Has it really been twenty years? Can August 8, 1988 be that far in the proverbial rear view mirror? Has this really become, to quote a song I recently heard in its’ miserable entirety at Walgreens, “A Whole New World”?
Allow me to paint a picture for those of you too young to remember those halcyon days of 1988. The Saturday edition of the Chicago Sun-Times regularly contained more than thirty pages. Oprah had a last name. Steve Dahl was relevant. And on 8/8/88, Wrigley Field made a belated entrance into baseball’s controversial “lights era”, becoming the last professional stadium to allow night baseball.

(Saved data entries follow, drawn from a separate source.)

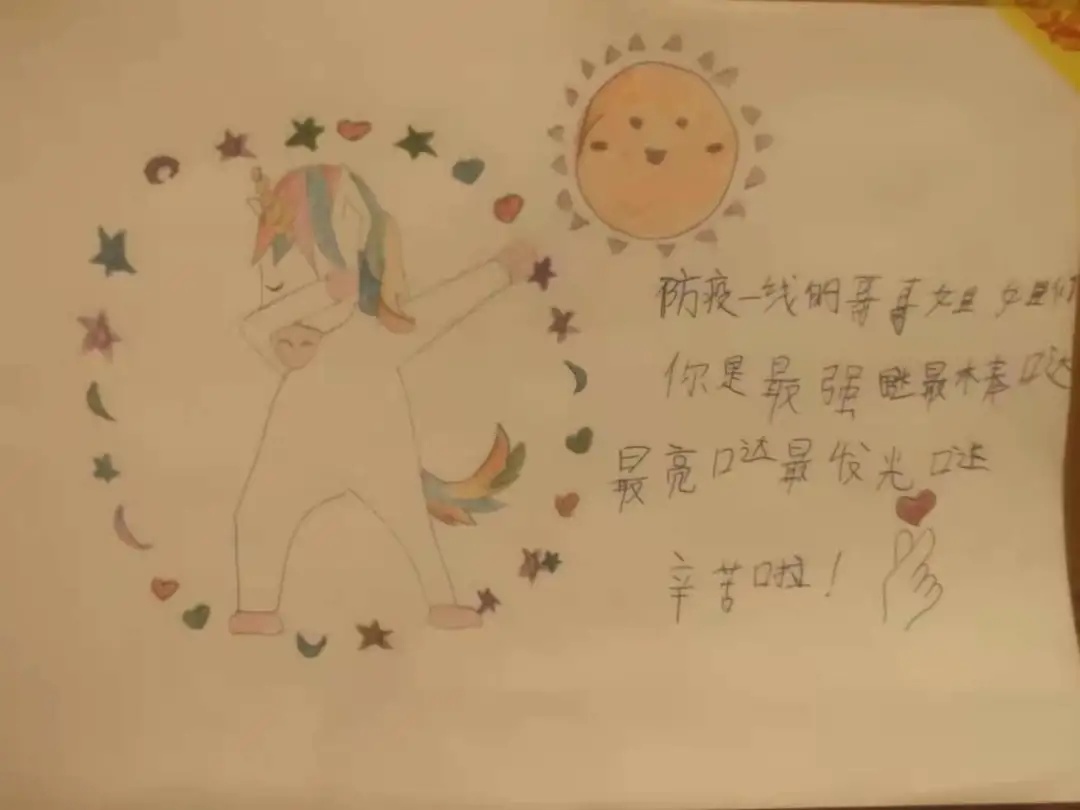 有同学画了一个太阳,配文写到“防疫一线的哥哥姐姐,你们是最亮哒最发光哒!”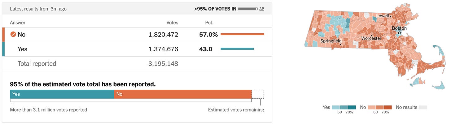 That kind of lopsided result was not restricted to Massachusetts, though. Yes, it happened at the top of the ticket. But across a variety of ballot initiatives and referenda you may have missed, progressive social policy came in for a drubbing: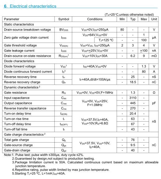 实亿国际参数: ID(A): 80 BVDSS(V): 80 RDS(ON): 6.2 Qg(nC): 76 Package: TO-263、252、220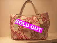 | 白をベースにお花のプリントと刺繍の手の込んだバッグ。内側の生地も鮮やかなピンクになっています。持ち手も長さが最大10cm調整可能です。これからの季節には大活躍 まちがいなしの商品です。 |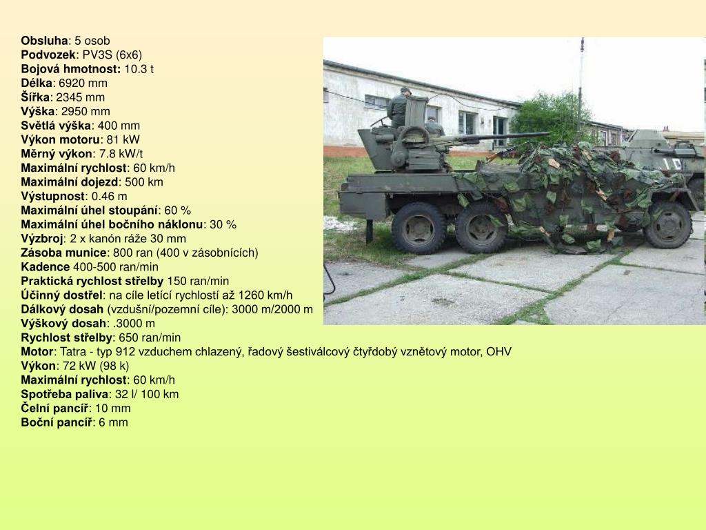 Obsluha: 5 osob Podvozek: PV3S (6x6) Bojová hmotnost: 10.3 t Délka: 6920 mm Šířka: 2345 mm Výška: 2950 mm Světlá výška: 400 mm Výkon motoru: 81 kW Měrný výkon: 7.8 kW/t Maximální rychlost: 60 km/h Maximální dojezd: 500 km Výstupnost: 0.46 m Maximální úhel stoupání: 60 % Maximální úhel bočního náklonu: 30 % Výzbroj: 2 x kanón ráže 30 mm Zásoba munice: 800 ran (400 v zásobnících) Kadence 400-500 ran/min Praktická rychlost střelby 150 ran/min Účinný dostřel: na cíle letící rychlostí až 1260 km/h Dálkový dosah (vzdušní/pozemní cíle): 3000 m/2000 m Výškový dosah: .3000 m Rychlost střelby: 650 ran/min Motor: Tatra - typ 912 vzduchem chlazený, řadový šestiválcový čtyřdobý vznětový motor, OHV Výkon: 72 kW (98 k) Maximální rychlost: 60 km/h Spotřeba paliva: 32 l/ 100 km Čelní pancíř: 10 mm Boční pancíř: 6 mm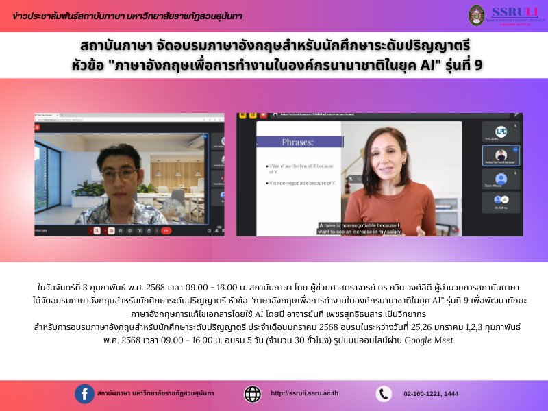 ได้จัดอบรมภาษาอังกฤษสำหรับนักศึกษาระดับปริญญาตรี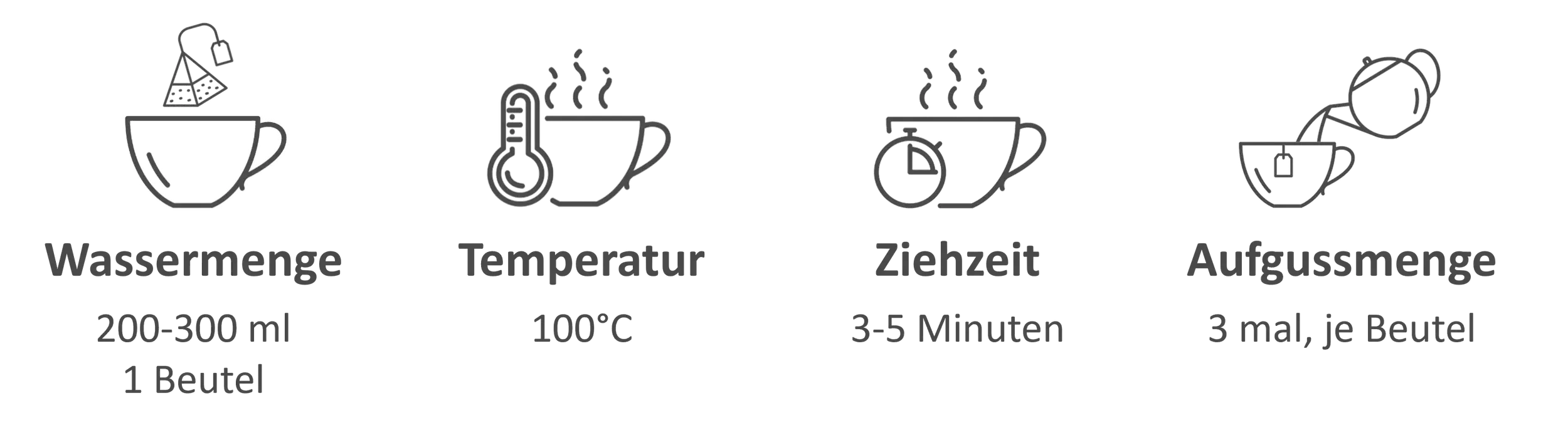Wir empfehlen den Tee mind. bis zum Abklingen der Beschwerden einzunehmen. Bei regelmäßigen Magenbeschwerden empfehlen wir eine kontinuierliche Einnahme für eine vorbeugende Wirkung.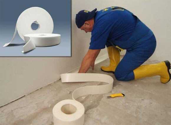 - Слоя гидроизоляции. Прекрасным дополнением ему служит демпферная лента, которая устанавливается по периметру комнат.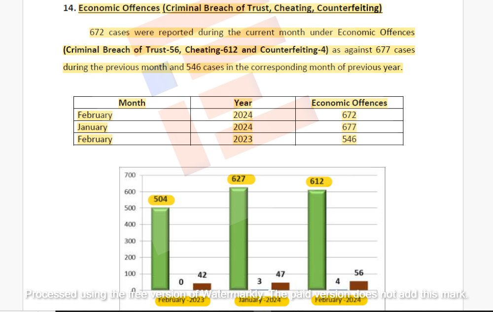 ಆರ್ಥಿಕ ಅಪರಾಧ ಪ್ರಕರಣಗಳ ಸಂಖ್ಯೆಯಲ್ಲೂ ಏರಿಕೆ ಕಂಡಿವೆ. 2024ರ ಜನವರಿಯಲ್ಲಿ 677, ಫೆಬ್ರುವರಿಯಲ್ಲಿ 672 ಪ್ರಕರಣಗಳು ವರದಿಯಾಗಿವೆ. ಫೆಬ್ರುವರಿ 2023ರಲ್ಲಿ 546 ಪ್ರಕರಣಗಳು ವರದಿಯಾಗಿದ್ದವು.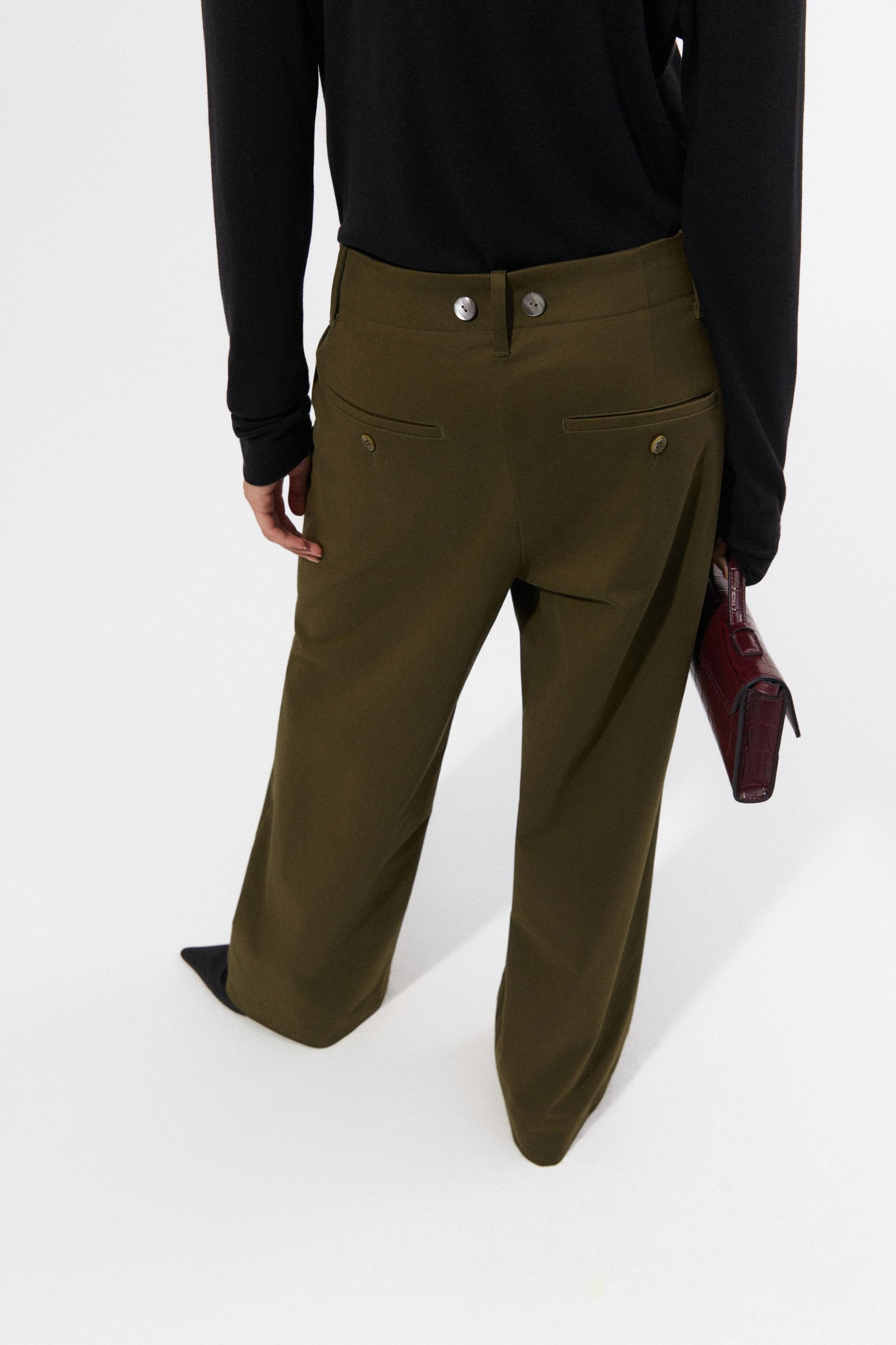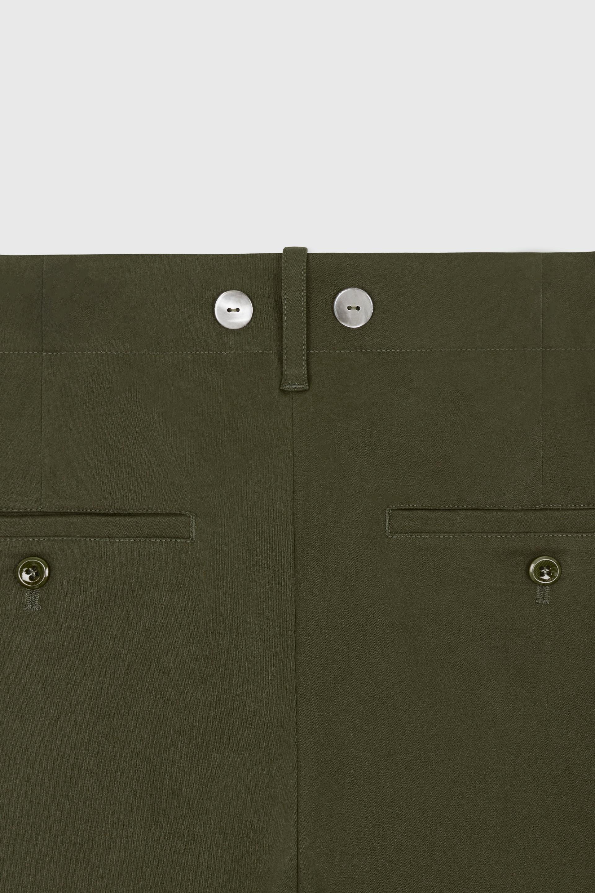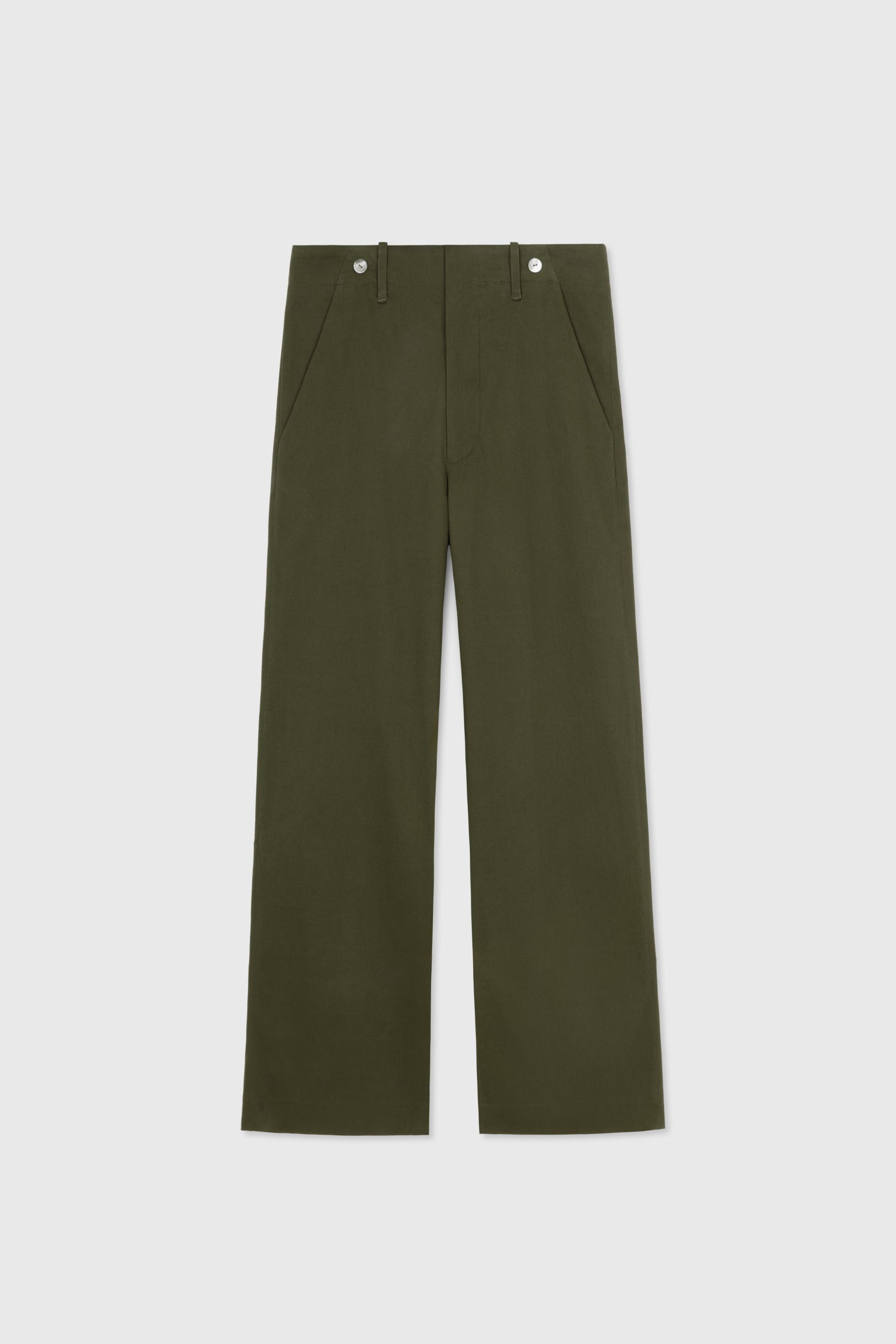 매트한 표면과 섬세한 밀도가 돋보이는 코튼 드릴 소재 브레이스 트라우저 입니다. 밴드리스 디자인에 서스팬더 버튼을 오마주한 자개 장식 단추가 특징적이며 헤리티지 스타일의 와이드 레그 실루엣입니다. 테일러드 베이스로 완성한 클래식 트라우저로 시간에 구애받지 않는 타임리스 아이템입니다.

Illuminating Wrigley Field took years of wrangling between the Wrigleyville neighborhood and the City Council. A typically contentious battle was fought when the Cubs threatened to move to the suburbs. Mayor Harold Washington, a proponent of lights (and the occasional beef sandwich) died. Alderman Dorothy Tillman purchased a sassy, new hat. Chaos ensued.
By early 1988, interim mayor Eugene Sawyer – the mayoral equivalent of former Cubs manager Frank Lucchesi – helped make lights a reality. Despite myriad roadblocks, the City Council reached a fair and balanced decision for all involved: Wrigleyville residents were told to shut their f-ing mouths and deal with it.
I won’t bore you with the details of how the first night game was rained out, how Al Nipper forever cemented his brief legacy as a Cub, or how I watched the game on a small TV at summer camp, then spent the rest of the night desperately trying to get to second base with my camp girlfriend. (I’m still trying.)
Instead, let’s consider a question that remains relevant long after the memories of Richard Marx and “Perfect Strangers” have receded: were lights at Wrigley good idea? A lot has happened in the last two decades to support the claim that it was. Indeed, each of what follows occurred only after lights were installed at Wrigley Field: The internet. Combo fajitas. Every episode of “The Jeffersons” on DVD. Hannah Montana and Miley Cyrus. Really tall Chinese people in the NBA. Doing other things while driving a car instead of just driving a car. You don’t recall any of these before 8/8/88, do you? Exactly.
The impact of Wrigley’s lights on politics is no exception. It’s historically unfathomable that before 8/8/88, the Supreme Court would have been progressive enough to appoint a mildly retarded guy as President. And it’s becoming increasingly clear that Americans wouldn’t be on the threshold of electing an African American in his 40’s, who’s middle name is Hussein, comes from mixed parents, and took campaign money from a convicted felon as our next President were it not for lights at Wrigley Field.
So on this most historic of anniversaries, take a moment to consider the significance of this day. Give your ComEd guy a hug. Leave your lights on all year long! And plan to celebrate again on 8/8/28, when we’ll no doubt be looking back on the end of global warming, the Cubs first (second, third, and fourth) World Series in 100 years, and the first election of one of the most successful, two term Presidents of all time, Barack Obama.
And be sure to tell your kids it’s all because of the lights at Wrigley Field.